PCR enhancers and robust master mixes: The type of PCR used also influences the impact of inhibitors. TaqMan PCR appears to be much more tolerant of the presence of PCR inhibitors than SYBR green methods. Master mix can play a key role, too. Products from ThermoFisher such as Environmental Master Mix 2.0 and TaqMan Fast Virus 1-Step Master Mix can tolerate high levels of humic acid inhibition in real-time PCR and reverse transcriptase real-time PCR, respectively. Perfecta qPCR Tough Mix also shows a good tolerance of PCR inhibitors. Skim milk powder and bovine serum albumin added to PCR can also mitigate the effect of PCR inhibitors.
Troubleshooting
If you suspect you have a PCR inhibition issue, obtaining and comparing values from the nanodrop could be your first step at troubleshooting. PCR inhibition tests are also useful. This is when you use another PCR assay specific to something not present in your sample DNA. When you set up your PCR plate you add your sample DNA extract to a fixed amount of DNA (called exogenous DNA) that is detected by the other PCR assay. If your Ct values are higher when the exogenous DNA is in the presence of sample DNA, than by exogenous DNA alone, you know you have PCR inhibitors present. Another approach is to use an endogenous internal control; this is DNA that is present in all samples tested. Some labs spike in a plasmid, synthetic DNA (gblocks or genestrands) or an organism (such as a bacterium or yeast) that is known to be absent from the sample and have a corresponding TaqMan assay. Another approach could be using universal assays for plant material [2] or bacteria [3] and monitoring any deviations in Ct.

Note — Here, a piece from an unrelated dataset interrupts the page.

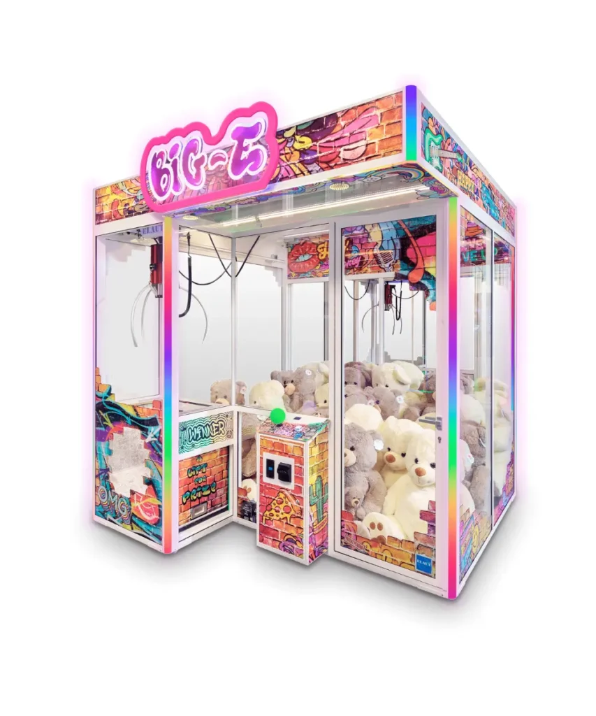 Big E este un aparat arcade premium Elaut, conceput pentru o experiență “immersive” și expunerea plușurilor mari. Designul 360° din sticlă îl face ideal ca piesă centrală în orice sală de jocuri, oferind vizibilitate maximă și durabilitate superioară.

Do you have other approaches for coping with PCR inhibition? If so, please let us know! Email us at lina@iastate.edu
References
- Woodhall, J. W., et al. A new large-scale soil DNA extraction procedure and real-time PCR assay for the detection of Sclerotium cepivorum in soil. Eur J Plant Pathol. 134, (3), 467-473 (2012).
- Tomlinson, J. A., et al. On-Site DNA Extraction and Real-Time PCR for Detection of Phytophthora ramorum in the Field. Appl Environ Microbiol. 71, (11), 6702-6710 (2005).
- Yang, S., et al. Quantitative multiprobe PCR assay for simultaneous detection and identification to species level of bacterial pathogens. Journal of Clinical Microbiology, 40 , 3449–3454 (2002).